Work to complete = Copy every entry exactly as it stands, though any image it holds should stay out of the copy.

*** Extracted data ***

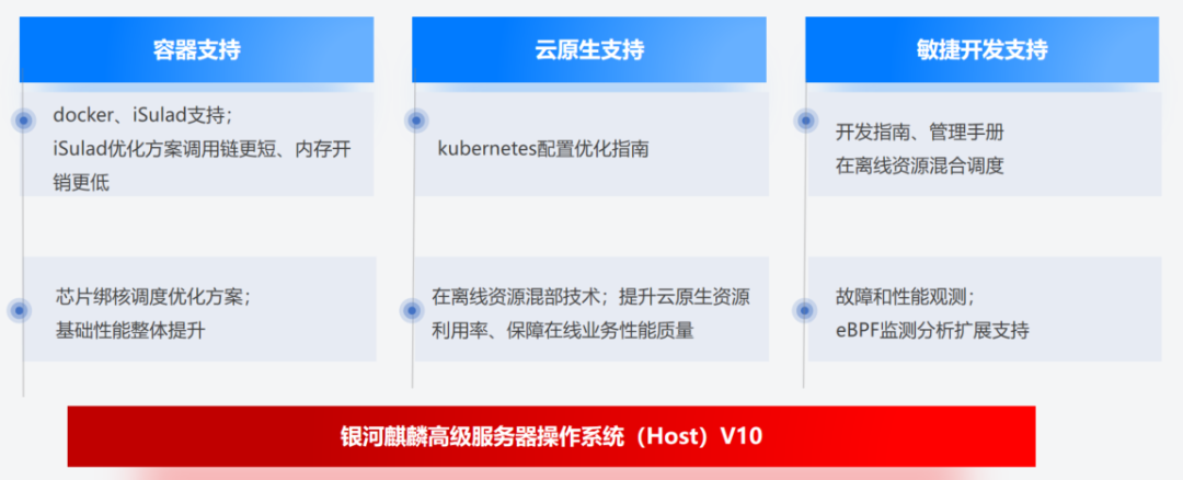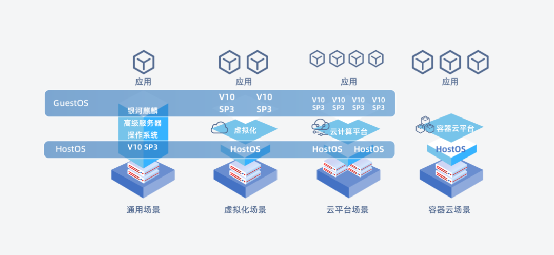 银河麒麟高级服务器操作系统(Host)V10可支撑用户轻松构建大型数据中心,并支持云原生、虚拟化、云平台、分布式文件系统等多种场景。在满足国家安全等级要求的同时,支持海量的云组件和不断创新的国产芯片和整机。目前,银河麒麟高级服务器操作系统(Host)V10凭借其优越的性能和良好的用户体验,已经在众多行业成功部署,为用户业务系统提供了安全稳定的运行环境 。
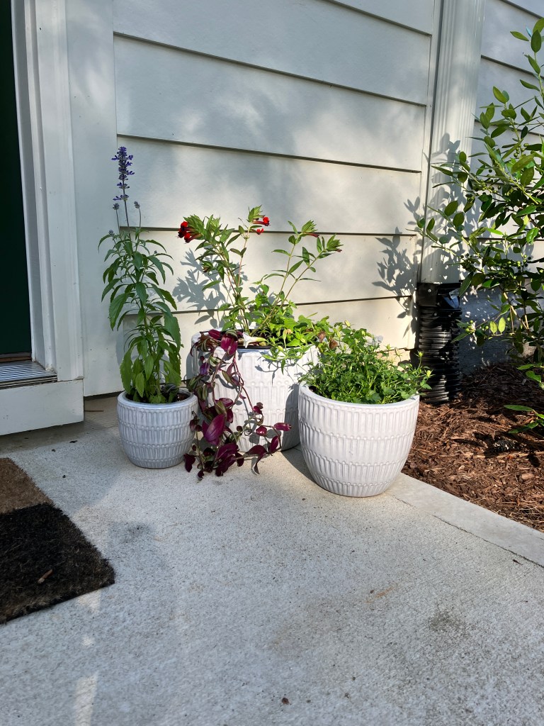 Our townhouse faces west and sits about twenty feet from the woods. I drug Lee with me to For Garden’s Sake, the nearby garden center and we looked for plants with the little signs that said good in partial sun. I picked out four plants to go into three decorative pots we’d purchased earlier. Back home, I was ready. As a dedicated plant mom I’m more comfortable potting plants than I used to be, although I don’t have a great place to work. I’m on the kitchen island and a prayer (that the garbage disposal doesn’t eat any potting soil) plan. Don’t tell Lee.
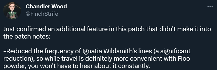 Менеджер сообщества Hogwarts Legacy обратил внимание на одну особенность недавнего патча, которая не вошла в список: «Уменьшена частота реплик Игнатии Уайлдсмит (значительное уменьшение)…».
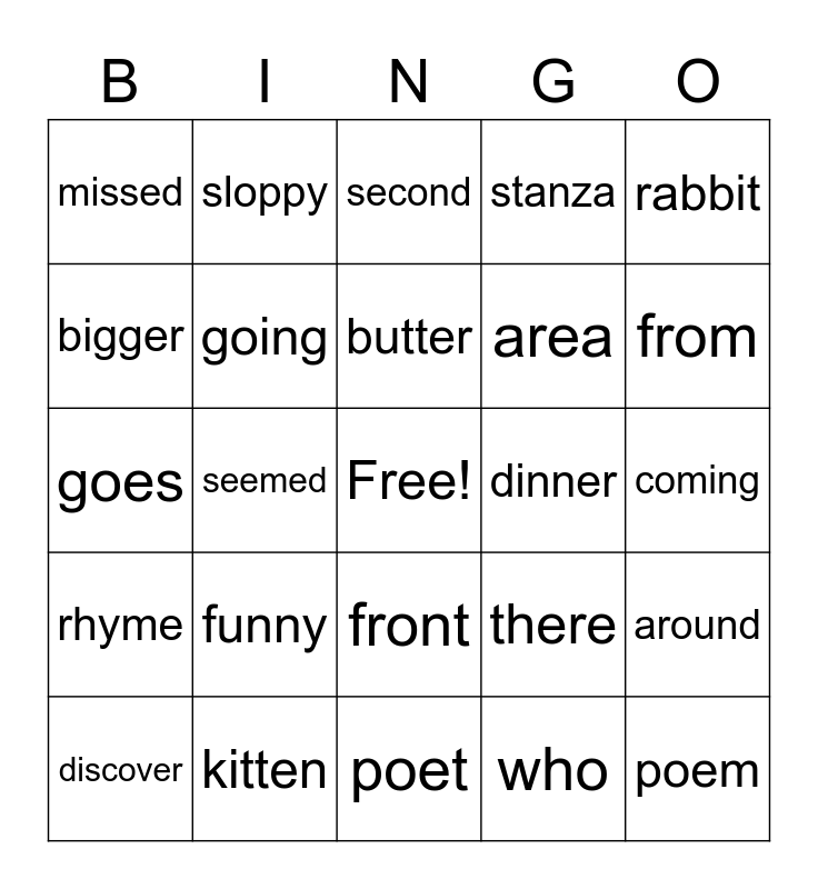 This bingo card has a free space and 24 words: funny, kitten, butter, discover, rabbit, missed, bigger, sloppy, dinner, front, area, goes, there, around, going, who, coming, second, from, seemed, poem, rhyme, stanza and poet.
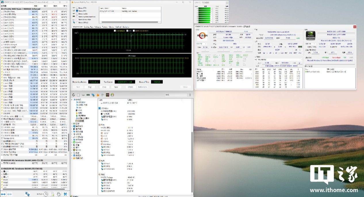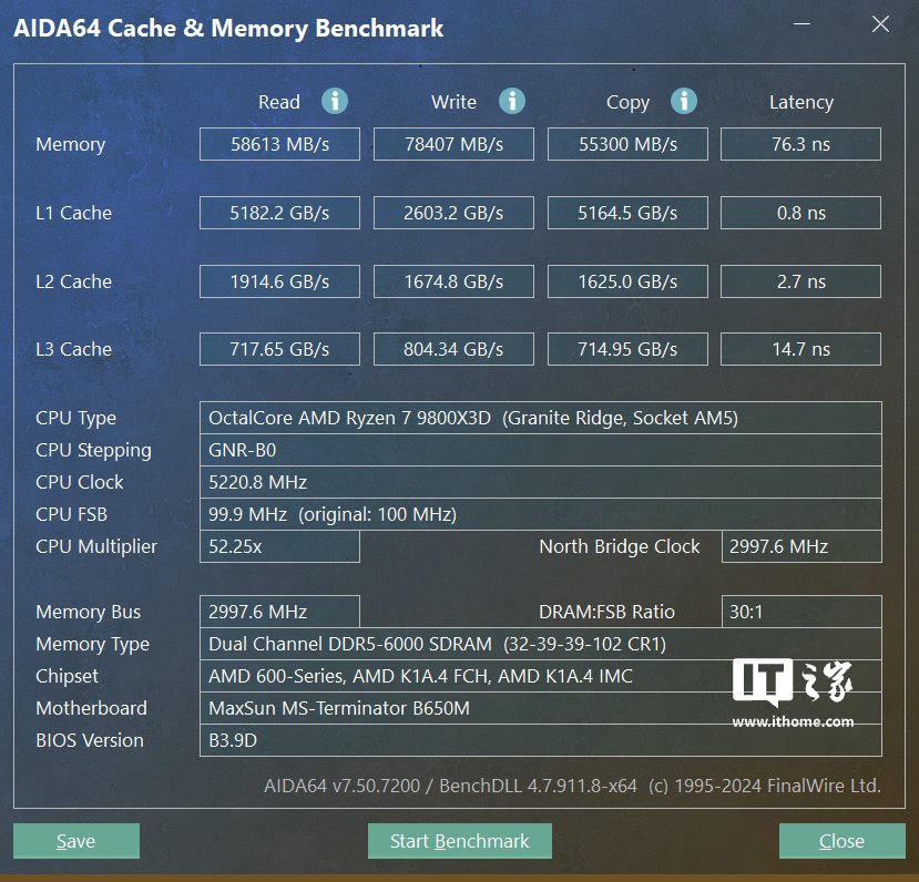 锐龙 7 9800X3D 这颗 CPU 表现相信大家都不陌生了,不过需要注意的是这台主机搭配的主板型号为铭瑄 MS-Terminator B650M,IT之家也没有特意在 BIOS 中进行 PBO 超频的手动微调,只开启了自动 PBO 和解锁 105W 功耗选项,尽可能反映普通用户的真实使用场景。
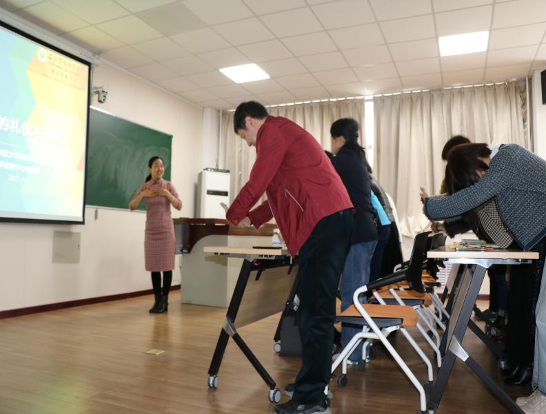培训会现场气氛热烈,互动积极,老师们纷纷表示受益匪浅,充分认识到了良好的口语表达与规范的礼仪不仅有利于提高教师的综合素质,建立和谐融洽的师生关系,也有利于提高课堂教学效果,落实立德树人成效。
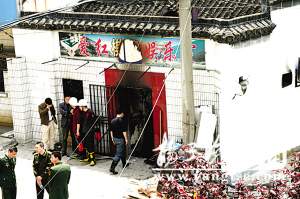 “愛(ài)紅棋牌室”西側(cè)緊挨古運(yùn)河,在一條名為“缺口河?xùn)|小街”的巷子的最里面。記者在現(xiàn)場(chǎng)看到,“愛(ài)紅棋牌室”東、南、北3面道路周圍都被警方用2至3道警戒線封鎖,大量警力在現(xiàn)場(chǎng)維持秩序。由于圍觀群眾太多,躍進(jìn)橋上的警戒線出現(xiàn)了多次被人潮擠斷的情況,民警及時(shí)進(jìn)行修復(fù)和更換。
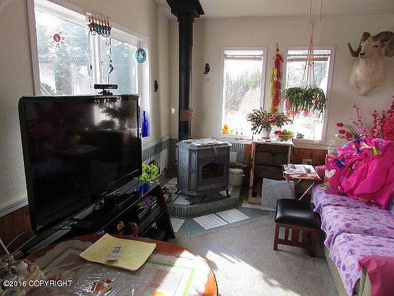 This home can be used as a duplex or as a mother-in-law apartment. Beautiful pond with geese, chickens & wild pheasants. Large garden area. Apartment downstairs bathrooms is currently being completely remodeled. Panoramic view of Kachemak Bay, Kenai Mountains & Glaciers.

*** End of Extracted data ***

Response area =
 银河麒麟高级服务器操作系统(Host)V10可支撑用户轻松构建大型数据中心,并支持云原生、虚拟化、云平台、分布式文件系统等多种场景。在满足国家安全等级要求的同时,支持海量的云组件和不断创新的国产芯片和整机。目前,银河麒麟高级服务器操作系统(Host)V10凭借其优越的性能和良好的用户体验,已经在众多行业成功部署,为用户业务系统提供了安全稳定的运行环境 。
 Our townhouse faces west and sits about twenty feet from the woods. I drug Lee with me to For Garden’s Sake, the nearby garden center and we looked for plants with the little signs that said good in partial sun. I picked out four plants to go into three decorative pots we’d purchased earlier. Back home, I was ready. As a dedicated plant mom I’m more comfortable potting plants than I used to be, although I don’t have a great place to work. I’m on the kitchen island and a prayer (that the garbage disposal doesn’t eat any potting soil) plan. Don’t tell Lee.
 Менеджер сообщества Hogwarts Legacy обратил внимание на одну особенность недавнего патча, которая не вошла в список: «Уменьшена частота реплик Игнатии Уайлдсмит (значительное уменьшение)…».
 This bingo card has a free space and 24 words: funny, kitten, butter, discover, rabbit, missed, bigger, sloppy, dinner, front, area, goes, there, around, going, who, coming, second, from, seemed, poem, rhyme, stanza and poet.
 锐龙 7 9800X3D 这颗 CPU 表现相信大家都不陌生了,不过需要注意的是这台主机搭配的主板型号为铭瑄 MS-Terminator B650M,IT之家也没有特意在 BIOS 中进行 PBO 超频的手动微调,只开启了自动 PBO 和解锁 105W 功耗选项,尽可能反映普通用户的真实使用场景。
培训会现场气氛热烈,互动积极,老师们纷纷表示受益匪浅,充分认识到了良好的口语表达与规范的礼仪不仅有利于提高教师的综合素质,建立和谐融洽的师生关系,也有利于提高课堂教学效果,落实立德树人成效。
 “愛(ài)紅棋牌室”西側(cè)緊挨古運(yùn)河,在一條名為“缺口河?xùn)|小街”的巷子的最里面。記者在現(xiàn)場(chǎng)看到,“愛(ài)紅棋牌室”東、南、北3面道路周圍都被警方用2至3道警戒線封鎖,大量警力在現(xiàn)場(chǎng)維持秩序。由于圍觀群眾太多,躍進(jìn)橋上的警戒線出現(xiàn)了多次被人潮擠斷的情況,民警及時(shí)進(jìn)行修復(fù)和更換。
 This home can be used as a duplex or as a mother-in-law apartment. Beautiful pond with geese, chickens & wild pheasants. Large garden area. Apartment downstairs bathrooms is currently being completely remodeled. Panoramic view of Kachemak Bay, Kenai Mountains & Glaciers.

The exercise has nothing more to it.